Nonetheless, what DFAT leaves out of its "myth-busting" fact sheet is that the interpretation of what constitutes sufficient labour market testing is entirely left up to the department.
This can be weakly interpreted by the department so that Chinese companies do not have to properly and rigorously test the local labour market in order to access Chinese workers. For example, the current policy around labour market testing permits failed recruitment efforts on social media (e.g. a single Facebook advert) as sufficient.
Moreover, the protection afforded to local workers is contained in policy rather than law, as the requirements around the nature, type and duration of labour market testing is up to the department. These can be whittled away at any time so that the ability of these requirements to protect local workers' preferential access to jobs becomes virtually meaningless.
In other words, while the trade agreement doesn't give Chinese workers unrestricted access to the local labour market, the protection it affords Australian workers is weak.
In negotiating the agreement the government should have done more to incorporate into its text that Chinese workers could be used only in areas of proved and genuine labour market shortage. It should also have made concrete the regulatory requirements around this.
The second big debate concerns whether the trade agreement allows Australia's employment laws and minimum standards around wages and conditions to be undermined.
Although DFAT is correct that Chinese workers will be required to be employed in accordance with our employment laws and are entitled to Australian wages and conditions, it is equally true that where these workers are being exploited or being used to undercut local wages and conditions, it is highly unlikely this will be uncovered by authorities.
When a Chinese company enters into an arrangement for a project in Australia (i.e. forms an "Investment Facilitation Arrangement"), the IFA ties a Chinese worker's migration status to the fact of their employment. An IFA worker is permitted entry into Australia only via the IFA and for the duration of the project.
Thus, the IFA represents an entirely employer-driven approach to migration which entrenches the vulnerability of these types of workers.
The worker's right to remain in Australia is wholly contingent upon the employer's continuing demand for their labour. Withdrawal of support from the employer-sponsor may mean cancellation of the visa.
This threat, actual or perceived, may induce an IFA worker to accept substandard working conditions and creates a strong disincentive for these workers to voice concerns for fear of being sent home.
This is distinct to the entitlement of a 457 visa worker of 90 days to find a new job before the visa's expiration. Similarly, temporary migrant workers who are working-holidaymakers or international students can move freely within the labour market and do not have their residency status linked to one employer.
The IFA also allows Chinese companies to negotiate concessions on the 457 visa's general standards.
First, IFA workers can have lower English skills than under the 457 visa, which will hamper their ability to understand rights or to complain about their violation.
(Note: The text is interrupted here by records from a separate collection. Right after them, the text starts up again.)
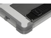 Lydscoops, der er indbygget i kabinettet omkring enhedens højttalere, forbedrer og dirigerer lyden mod dig. For ekstra alsidighed inkluderer etuiet et integreret glidende stativ til landskabsvisning og skrivepositioner samt en valgfri, aftagelig håndstrop og skulderrem.
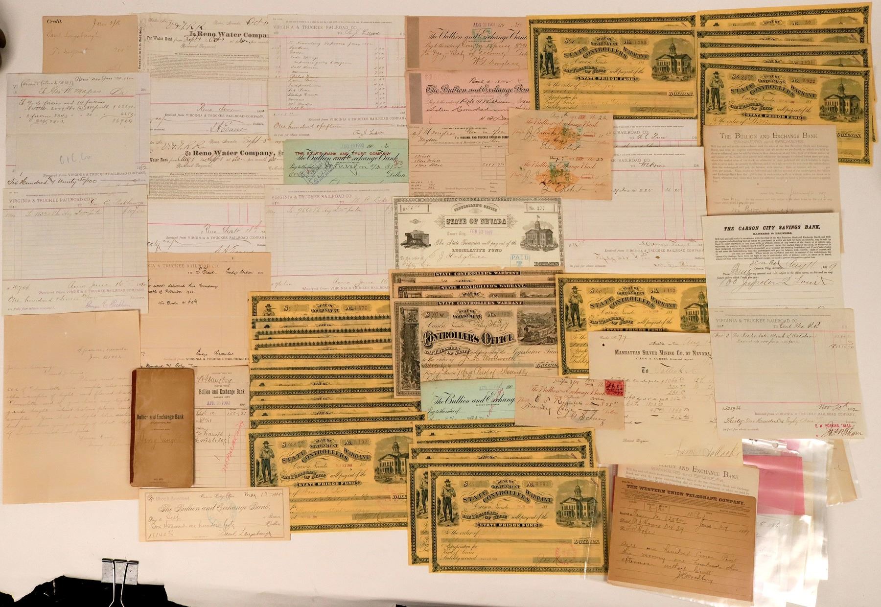 Lot of ~75 documents including checks, bank and railroad vouchers, letters, state warrants, and more that are issued to and/or signed by historical Nevada figures. This collection comes from a major Nevada historian and author. Includes: rare 1880 Lazard Freres Bankers check signed by Adolph Sutro; B&E stock sale from O.R, Leonard, partner with Sutro; four checks signed by Frank Golden (jeweler & hotel owner); Huffaker pieces; Yerington checks & warrant; Millersville, NV receipt; J.D. Ludwig letter (Ludwig, NV, gunfighter); George Nixon pieces (Nixon, NV and partner to Wingfield); Genoa Hot springs letter signed by HJ Walley (Wally's Hot Springs); Sam Davis check (newspaper editor); Dangberg (Dangberg Ranch); Frank Bell; Virginia City check signed by H Berry (Berry Pit Mine in Flowery District); JP Woodbury (Woodbury Mill); various Carson City merchants & Wells Fargo agents; Spencer, NV letter from Mary Spencer; V&T vouchers to Reno place names like Mapes, Evans Creek, Laws, CA, and more. Please inspect!
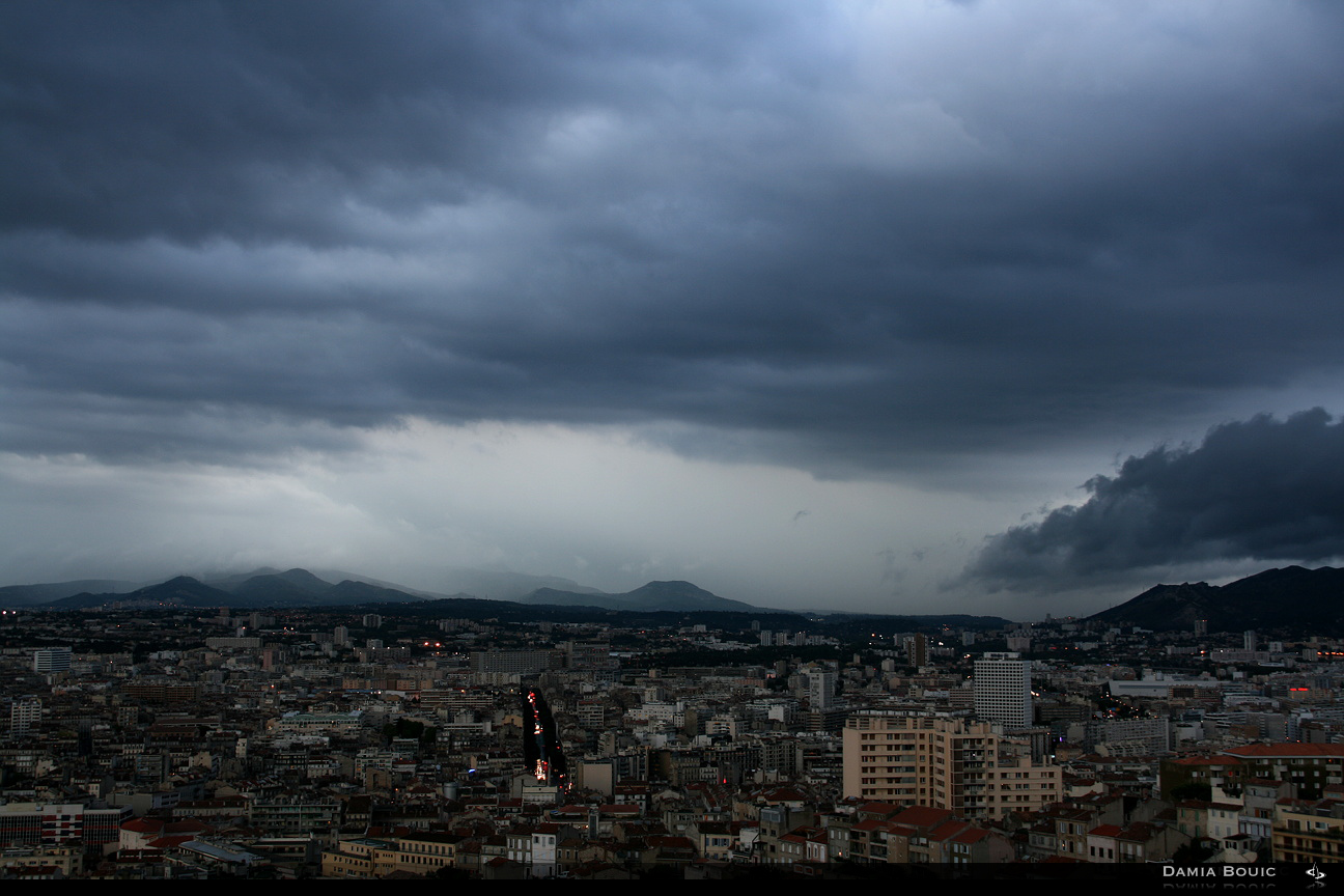 Dimanche dernier (le 21 Novembre) des orages sont passés dans la rade de Marseille puis dans la ville même. Des orages très photogéniques comme vous allez le voir. Ce qui est rare car ici, pour avoir des beaux orages, c’est pas évident (généralement ce sont des monstres noyés dans la masse, donc « inphotographiables », néologisme, ahaha !).
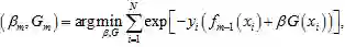 其中Gm为当前组合的弱分类器,fm-1为m-1步的组合结果,βm为当前弱分类器所对应的系数。在Adaboost中,系数βm的根据第m-1步组合后的模型误差计算所得。FOL对训练样本的分布进行更新的策略近似于AdaBoost的更新策略,虽然FOL和AdaBoost的作用方式不同,但最终都能有效的最小化经验风险。
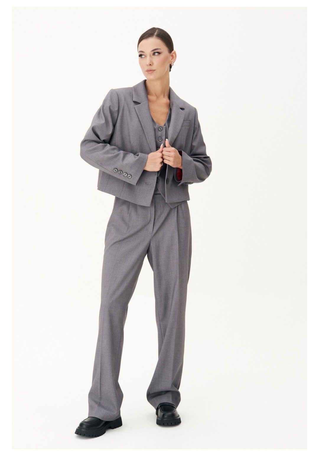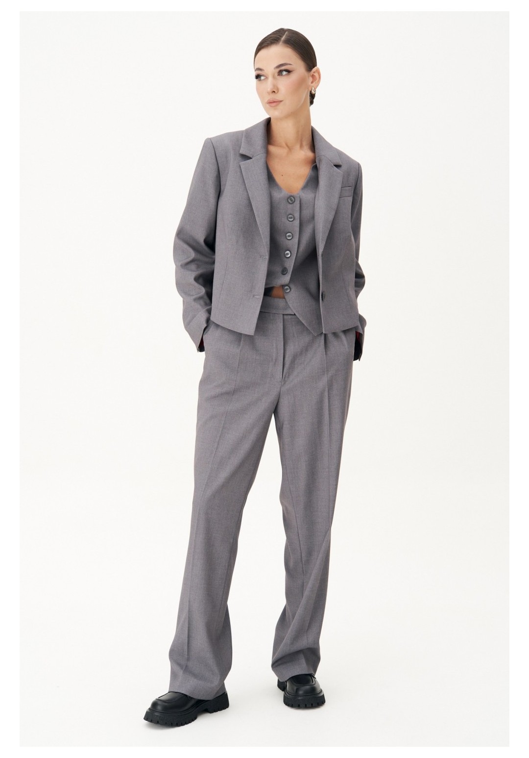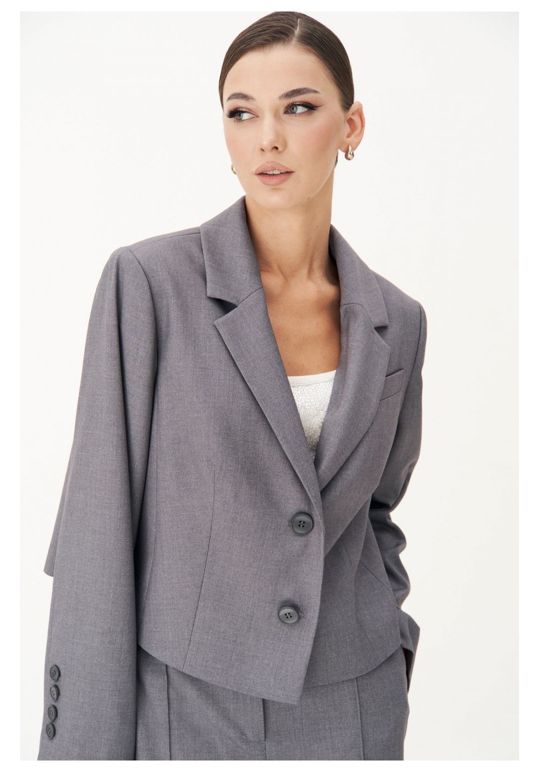 Жакет полуприлегающего силуэт, втачного покроя с центральной застёжкой и классическим английским воротником. Полочка с нагрудной вытачкой, отрезным бочком и прорезным верхним карманом с листочкой. Спинка с центральным швом и плечевыми вытачками. Рукав двухшовный с отлетной шлицей и отделочными пуговицами. Длина жакете около 52 см. Длина рукава около 62 см.
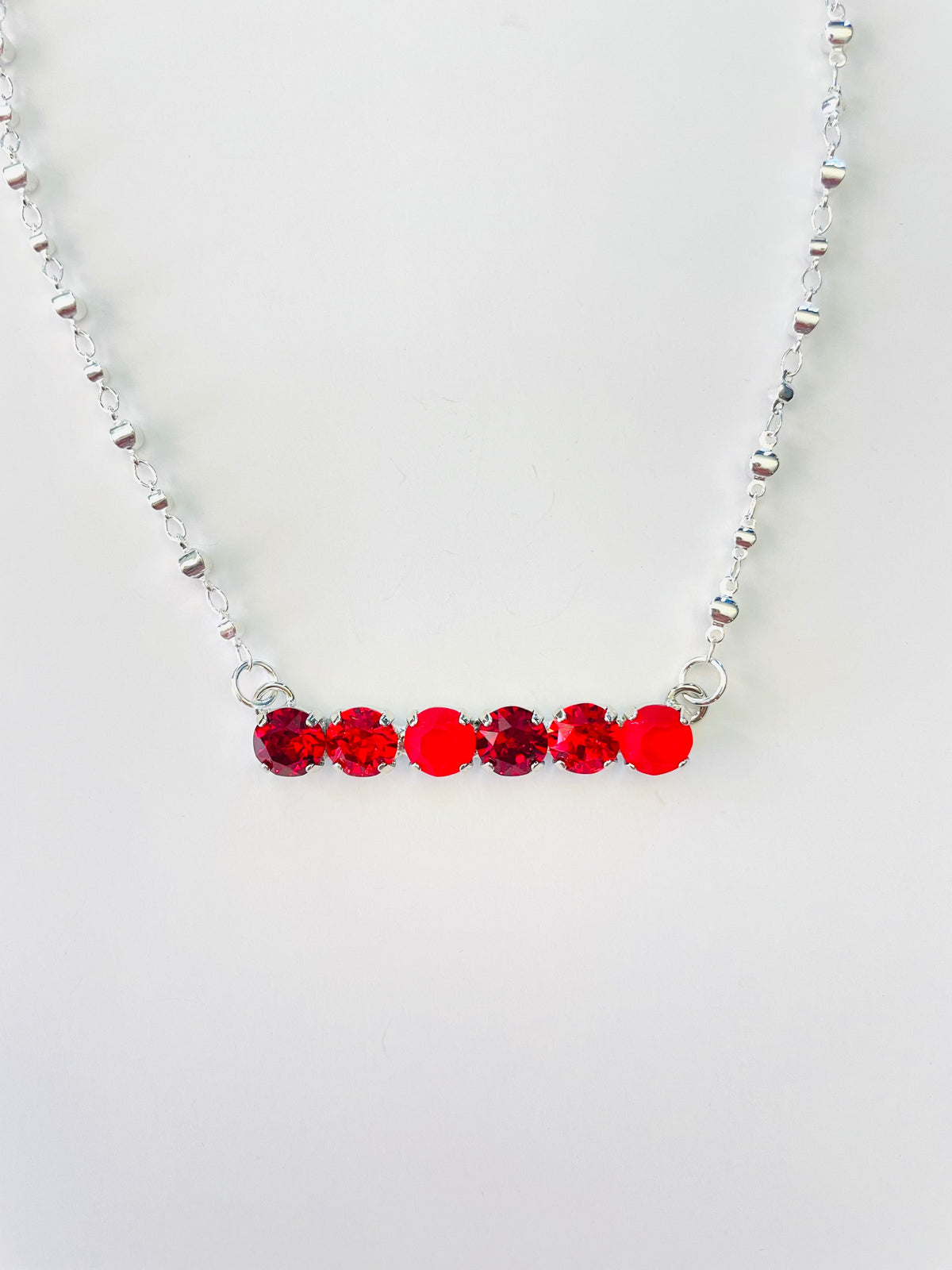Red Hot Bar Necklace set into Silver Plated Metal with Light Siam Matte, Light Siam, and Siam Crystals.
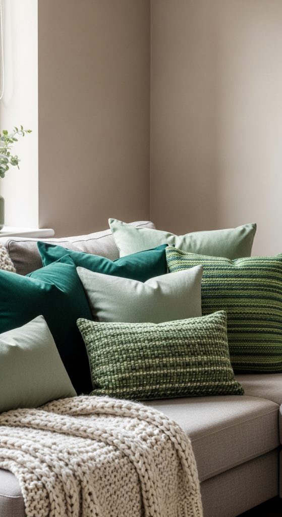 Why it works: Small accents like cushions are cost-effective and versatile for experimenting with green tones.
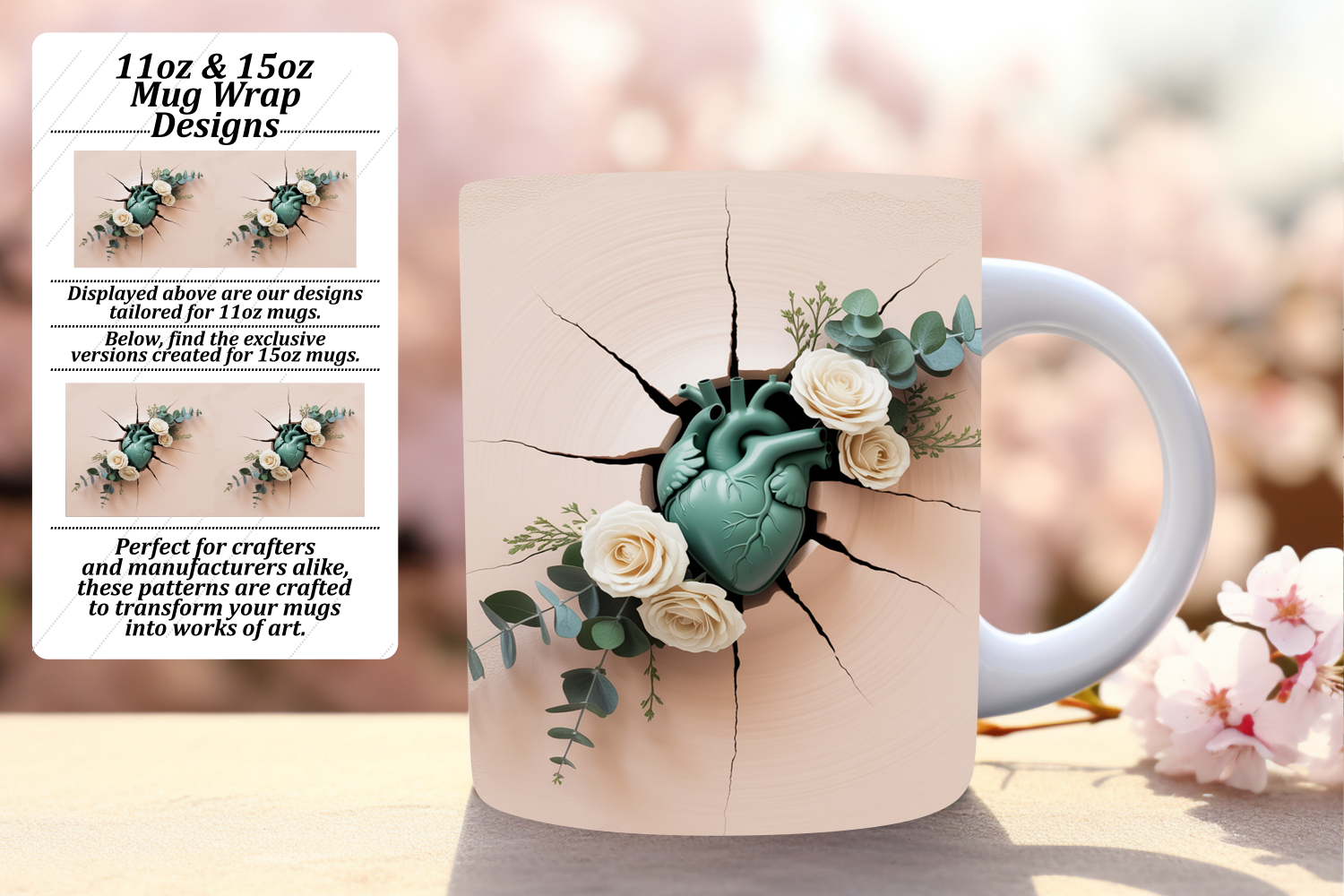 Radiant 15oz Mug Wrap Png Design , 3D Heart

Lower English skills also have concerning implications for workplace safety.
Second, IFA workers are unlikely to be unionised and will have limited community connections, which again reduces their ability to voice concerns over their treatment.
A third factor is that this isolation reduces the opportunity for effective monitoring and enforcement of Australian labour laws to take place by the Fair Work Ombudsman.
Fourth, it is difficult to enforce the legal rights of IFA workers as claims take time and these workers will have returned to China by the time their cases reach court.
However, the real clincher is this: IFA workers will be unlikely to complain about being paid below the Australian minimum wage because it is still likely to be more than they would receive back in China. This provides an even stronger disincentive for IFA workers to bring to light the fact of their exploitation. Without informants, it is unlikely that the authorities will uncover it.
The final issue is whether union opposition to the trade agreement is racist. People have voiced concerns that Chinese workers are a threat to Australian jobs and wages. This in turn fuels xenophobia against Chinese workers.
It is the Abbott government, not Chinese workers, that has allowed Australia to sign up to a trade agreement that does not sufficiently protect Australian workers' preferential access to jobs, or to ensure that Chinese employers who seek to use such workers to undermine local wages will get caught.
Our government is responsible for undermining local jobs, wages and conditions and our beef should be with it, not Chinese workers.
Dr Joanna Howe is a senior lecturer at the University of Adelaide Law School and an expert in temporary labour migration.